Текст книги "Барабанные палочки (сборник)"
Автор книги: Алла Боссарт
Жанр: Современная русская литература, Современная проза
Возрастные ограничения: +16
сообщить о неприемлемом содержимом
Текущая страница: 14 (всего у книги 14 страниц)
Так знаменитый впоследствии Герман Брейдель, чьи ураганные пейзажи и кипучие натюрморты, а также портреты Лизы («Mon ami Liza» – восхищенные остроумием русского, читали в каталогах буржуи) уходили на европейских аукционах за десятки и сотни тысяч евро, не говоря уже о долларах, – впервые заработал на своей грохочущей живописи семьсот рублей. Он прожил на Рыбзаводе еще двенадцать лет, написал около пятисот сумасшедших работ и с необъяснимым упорством не брал больше тысячи – руб-лей, господа хорошие, вот именно, пики козыри, что руб-лей.
Но не о деньгах речь, не о славе и даже не о даре Божьем. То есть как раз о нем. Потому что любовь, которая настигла Геру в низкой горнице при взгляде на старуху с тигриными глазами, а ее, Лизавету Морозову, еще раньше, в вещих снах, – что это, как не Божий подарок, разделенный Им по справедливости, поровну между мастером и мастером.

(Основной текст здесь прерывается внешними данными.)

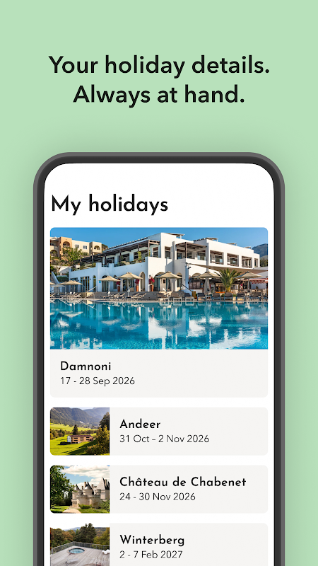 This app is your central source of information for your stay. Plan your activities, discover local recommendations, and access all important resort details in one place. Designed for clarity and ease of use, our app ensures you have everything you need for a well-organised and memorable holiday.
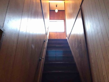 階段も廊下同様に化粧板仕様からクロス仕様に
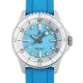 - 男女問わず使いやすいサイズ感で衝撃・砂・塩水にも強く、アウトドアやマリンスポーツに最適な1960年代のダイバーズウォッチの美学を現代風に再解釈した1本となっています。ファッション性と機能性を両立したダイバーズウォッチとして、日常使いからアクティブなシーンまで幅広く活躍します。特にターコイズブルーの文字盤は、夏のスタイルにもぴったりです。
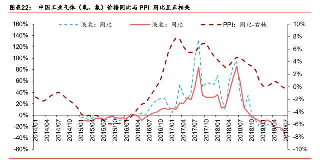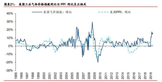 零售市场气价同比增速与 PPI 同比增速显著正相关。们将 1995 年至 2019 年 5 月的美国工业气体价格指数同比增速与美国 PPI 同比增速进行回归,回归结果显示气价指数增速与PPI 增速呈正相关关系,P-value在经济周期上行阶段,需求端消费增加,带动气价上扬,工业气体业务有望享受经济上行周期带来的量价弹性。
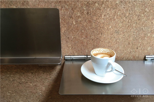 墻邊的不銹鋼板適合趕時間的顧客站立享用飲品,或等待時使用;吧臺延伸到門外的平臺,也為戶外提供了座位/站位。店中座椅選擇了高腳皮椅,店外水泥平臺上特意劃分了不在主動線上的兩個區(qū)塊,以不銹鋼板覆蓋,變成了應(yīng)付過多客流的臺階座位。說實話都不是“久坐之處”,這樣設(shè)計明確的空間,客人自然不會當(dāng)它是“閑來無事躺上半天”的地方。
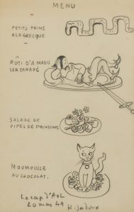 Henri JADOUX (1904-1999). MENU autographe signé avec DESSINS, « Le cap d’Ail » 20 mars 1949. Crayon noir, 17,5 x 11 cm.

На Лизавету смотреть приезжали со всех концов земли. Свою живопись она не продавала. Дарить – дарила, если гость нравился. Брала так же натурой: прежде всего хорошими дорогими материалами – красками, кистями, грунтованными холстами и картонами. Рада была теплой одежде, в том числе шубам, цены которым не знала, провианту, вкусным винам, пристрастилась вдруг к португальскому портвейну. Русский коллекционер из Амстердама в обмен на доску метр на полтора: ангел с петушиными крыльями, пляшущий на песчаной косе среди губастых рыб, – пригнал Лизавете в подарок «Лексус»-вседорожник. Ни она, ни любый ее Бредень садиться за руль, ясное дело, даже и не думали. Свирепая машина молча ржавела, пока рачительный Раков не переправил автомобиль паромом к себе. Любовники легко уступили «танк» за десять кубометров дров и пару копченых осетров плюс литровая банка икры впридачу.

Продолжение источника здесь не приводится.